Use the term Calvin cycle in a search engine such as Google (www.google.com) to find biological pathways of the Calvin cycle or use the pages below.

Calvin cycle J Kimball, USA.

The Calvin Cycle Process , Michigan State University, Michigan, USA.

• Process the information by assessing the reliability of the information from various sources. Choose the version of the cycle (they will all be very different!) that you find best illustrates the reactions of the cycle using the information given above.

explain why the Calvin cycle is now called the light independent stage of photosynthesis

• Benson (and Edward McMillan) demonstrated that CO₂ fixation was independent of light by illuminating on a sample of algae in the absence of CO₂, immediately transferring the algae to a black flask containing ¹⁴CO₂ and analysing the products for radioactivity. Sucrose (formed from glyceraldehyde phosphate) contained radioactive ¹⁴C was isolated at a rate approaching it’s formation in light. This experiment proved that the energy absorbed by chlorophyll was used for the production of phosphorylating (ATP) and reducing agents (NADPH) capable of driving the conversion of CO₂to sugar in the dark.

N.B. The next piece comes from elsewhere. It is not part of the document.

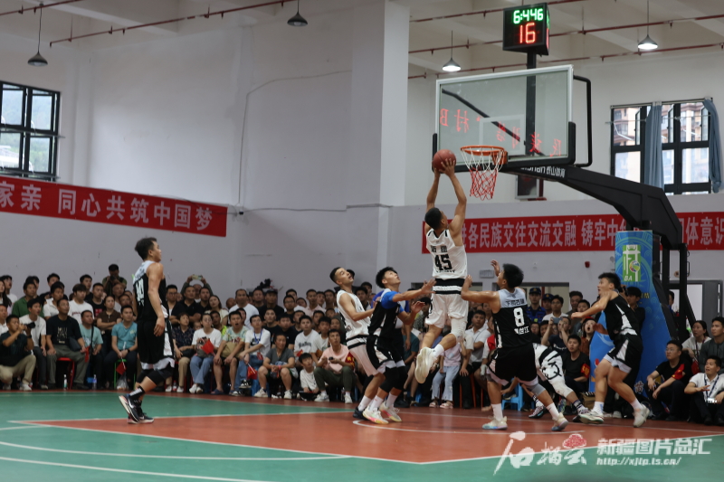 6月30日,新疆叶城队对战贵州凯里队,开赛不久,新疆叶城队队长安尼卡尔·艾尔肯拿下一个篮板球。陈文军 摄

• Although the fixation of carbon does not require light, it does not take place in the dark! The enzymes of the Calvin cycle respond indirectly to light activation. When light energy is available to generate ATP and NADPH, the Calvin cycle proceeds. In the dark, when ATP and NADPH cannot be produced by the light dependent reaction, fixation of CO₂ ceases. Therefore, the Calvin cycle is now called the light independent stage of photosynthesis.

• The enzyme that catalyses the capture of CO₂ from the atmosphere by the 5-carbon acceptor (ribulose bis-phosphate, abbreviated to RuBP) is called RuBP carboxylase or rubisco. It is an extremely large enzyme that works very slowly, 3 molecules of substrate per second, compared to the normal 1000 molecules of substrate for most enzymes. Many copies are therefore needed and rubisco constitutes more than 50% of the total protein in chloroplasts and is thought to be the most abundant protein on earth.

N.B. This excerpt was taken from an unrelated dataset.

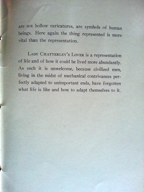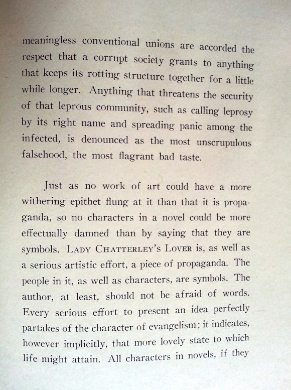Ultimately, the writer indicts Chatterley critics for raising an uproar over “mere combinations of letters and harmless enough, which have been buried so deep in men’s consciousness, and so over-laden with poisonous accretions, that to be hated they need but to be uttered.” The author continues, “If sex has become a foreign [impure] element in modern life, then modern life, not sex, is the thing to be cleansed.”

• Melvin Calvin, Andrew Benson and James Bassham determined the series of biochemical reactions in the Calvin cycle in the late 1940s and 1950s. It was completed in 1958 and earned Melvin Calvin the Nobel Prize for Chemistry in 1961. Calvin recognised the fact that the CO₂ was added to a 5-carbon acceptor to form a 6-carbon intermediate that instantaneously split in half. Benson and Bassham collaborated to identify the substances.